Within 20 years the baby boomer generation will need the immigrant youth, who are more successful than the public believes, reports USC planning professor Dowell Myers, in his new book, Immigrants and Boomers.
TA new book by USC planning professor Dowell Myers, Immigrants and Boomers, looks to California as a bellwether state -- where whites are no longer a majority of the population and represent just a third of residents under age twenty -- to afford us a glimpse into the future impact of immigration on the rest of the nation. Myers opens with an examination of the roots of voter resistance to providing social services for immigrants.
Drawing on detailed census data, Myers demonstrates that long-established immigrants have been far more successful than the public believes. Among the Latinos who make up the bulk of California's immigrant population, those who have lived in California for over a decade show high levels of social mobility and use of English, and 50 percent of Latino immigrants become homeowners after 20 years. The impressive progress made by immigrant families suggests they have the potential to pick up the slack from aging boomers over the next two decades.

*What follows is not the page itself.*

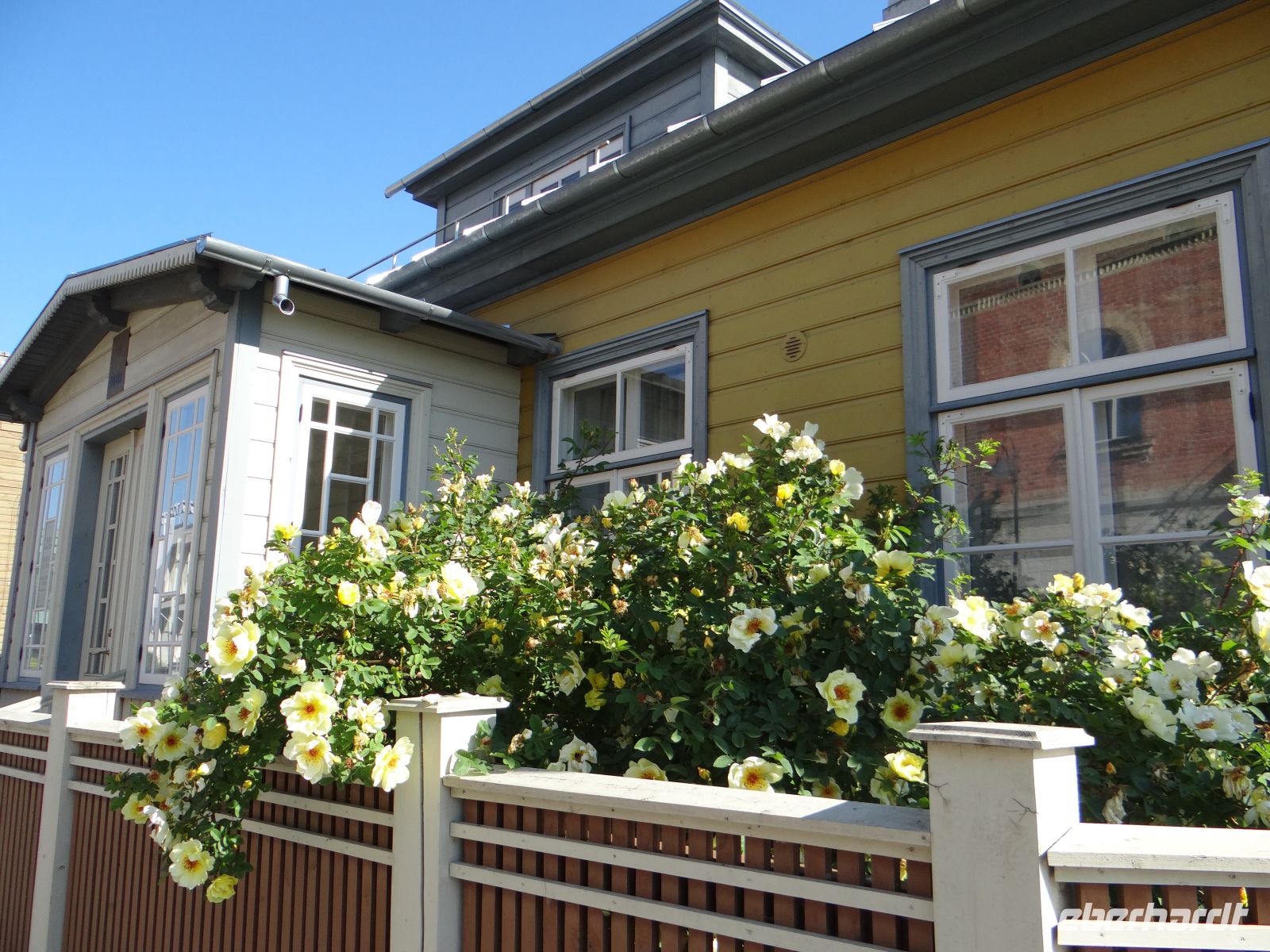 Wir fahren wir mit dem Bus Richtung Katharinental, wo Zar Peter I. für seine Frau ein Sommerschlösschen errichten ließ. Die Zaren hatten eine Schwäche für italienische Architekten und hat auch dieses einen südländischen Baumeister. Das zieht auch andere an und so wohnt man drumherum gehoben, in stattlichen Holzhäusern.
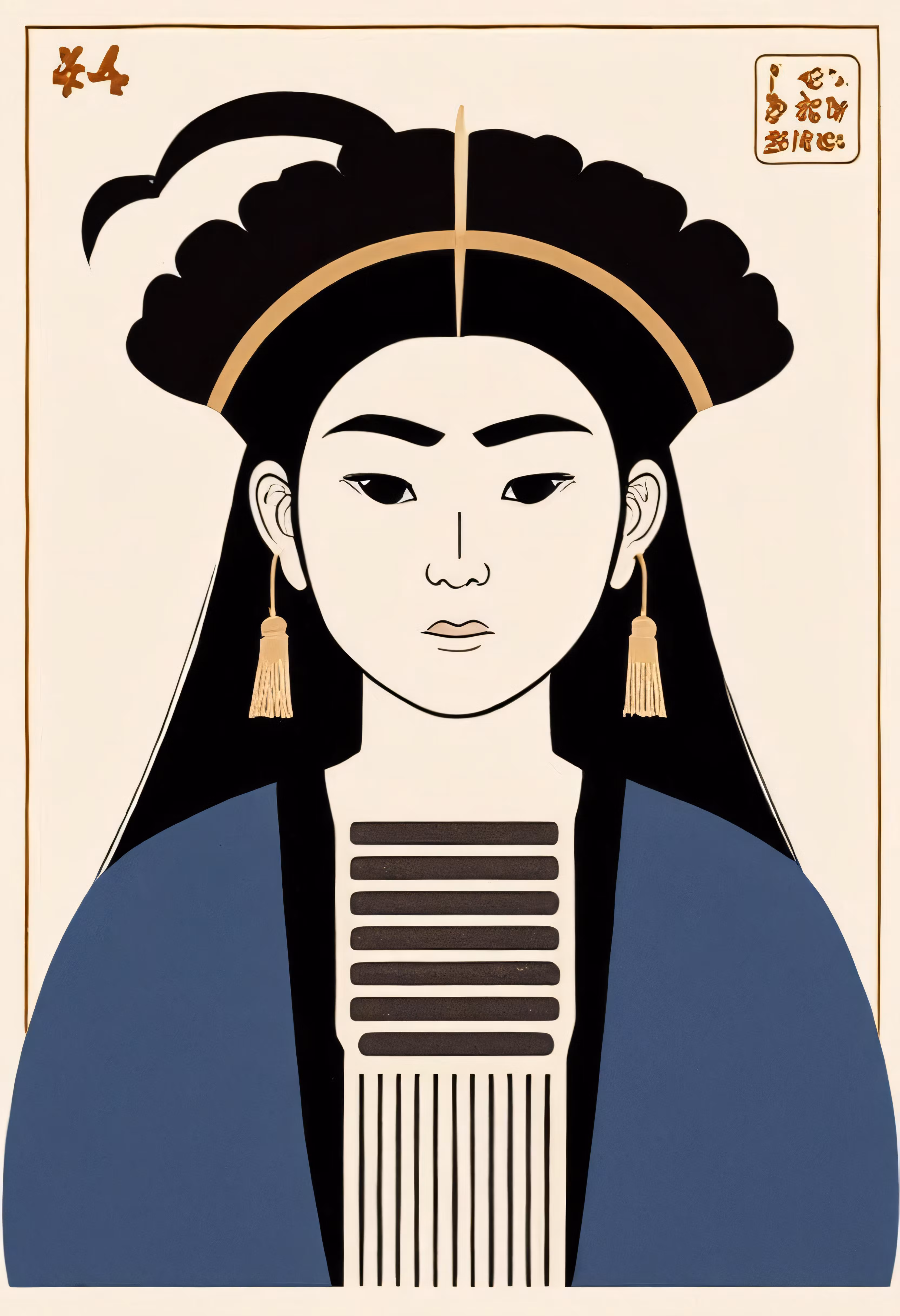 High resolution picture, free to use, an illustration of an asian woman wearing a white shirt and blue dress with black hair

The mass retirement of the boomers will leave critical shortages in the educated workforce, while shrinking ranks of middle-class tax payers and driving up entitlement expenditures. In addition, as retirees sell off their housing assets, the prospect of a generational collapse in housing prices looms. Myers suggests that it is in the boomers' best interest to invest in the education and integration of immigrants and their children today in order to bolster the ranks of workers, taxpayers, and homeowners America they will depend on 10 and 20 years from now.